I encourage anyone to try their hand at making pens this way -- but try to do it with a minimum of investment, using off-the-shelf tools where possible until you've decided whether it's something you want to pursue. I think a tap for a specific nib unit costs below $40 (JoWo #6 is probably the most popular nib unit, with Bock #6 a close second -- the smaller size #5 are not as popular for some reason). A tap and die for the cap/barrel -- such as M12 x 0.75 -- and a tap and die for the section/barrel -- such as M9 x 0.75 -- can be bought from Victor for less than $10 each piece. I bought a set of 115 drill bits (letter sizes, number sizes, and fractional) for about $60 just so I had all of them in one box. Die holder is very useful for keeping the die square to the workpiece when cutting threads, for taps I use my tailstock drill chuck.

Hope this helps.

Reactions: Informative 1


----------



## Karl_99 (May 25, 2019)

Thanks for posting this tutorial! This is very helpful. I have been gathering the taps and dies through several group buys. Kitless pens are on my pen making journey. I am currently at a fork in the road and either start casting or kitless. Decisions, decisions!

Reactions: Like 2


----------



## Karl_TN (May 25, 2019)

Thanks Duncan. The extra information is very helpful.

Reactions: Like 1


----------



## duncsuss (May 25, 2019)

Karl_99 said:


> Thanks for posting this tutorial! This is very helpful. I have been gathering the taps and dies through several group buys. Kitless pens are on my pen making journey. I am currently at a fork in the road and either start casting or kitless. Decisions, decisions!
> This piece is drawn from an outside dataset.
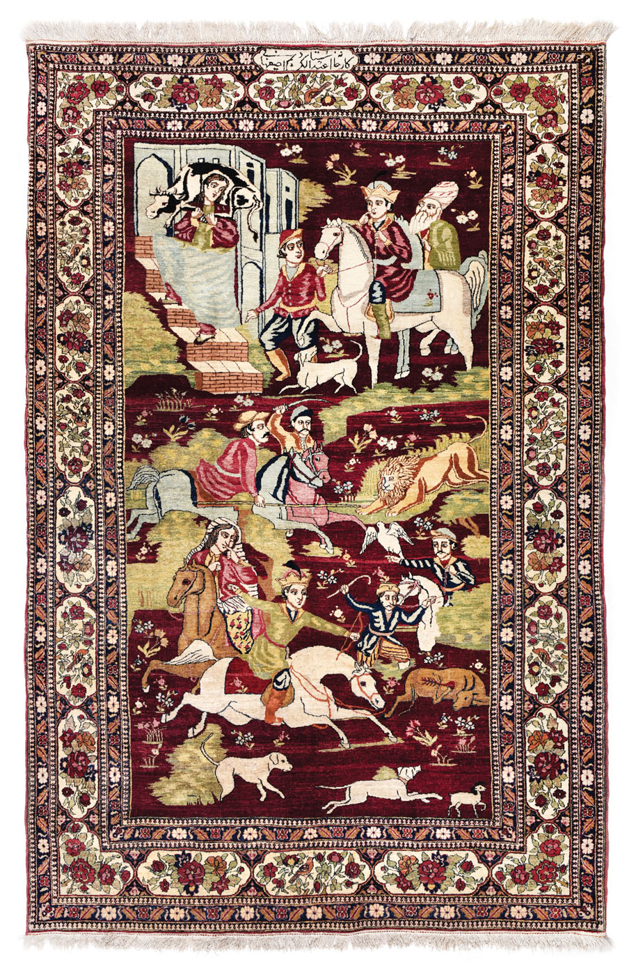 Înduioșat de povestea de dragoste princiară, maestrul persan Abdolkarim Esfahani realiza acum două secole o capodoperă a artei decorative, un covor prezent în licitația Artmark din 28 februarie. Cu peste 1.000.000 de noduri, Covorul Isfahan din lână ilustrează o scenă de vânătoare din poemul lui Nizami Ganjavi și pleacă în licitație de la un preț de pornire de 19.000 €.
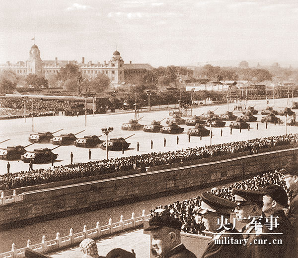 彭德懷元帥在閱兵總指揮楊成武上將的陪同下,乘車檢閱了中國人民解放軍陸海空軍各部隊(duì)。

I recommend you just pick one and go with it for a while, then do the other as well. Seems pen buyers like a story, if you can tell them you found a splinter from the handle of Carrie Nation's axe and embedded it in translucent alumilite the color of Jim Beam then made it into this fountain pen ...

Reactions: Agree 1 | Funny 2


----------



## ripjack13 (May 27, 2019)

duncsuss said:


> a splinter from the handle of Carrie Nation's axe


That's too funny. We had a bar here that was named after her. (ironically funny)

Reactions: Like 1


----------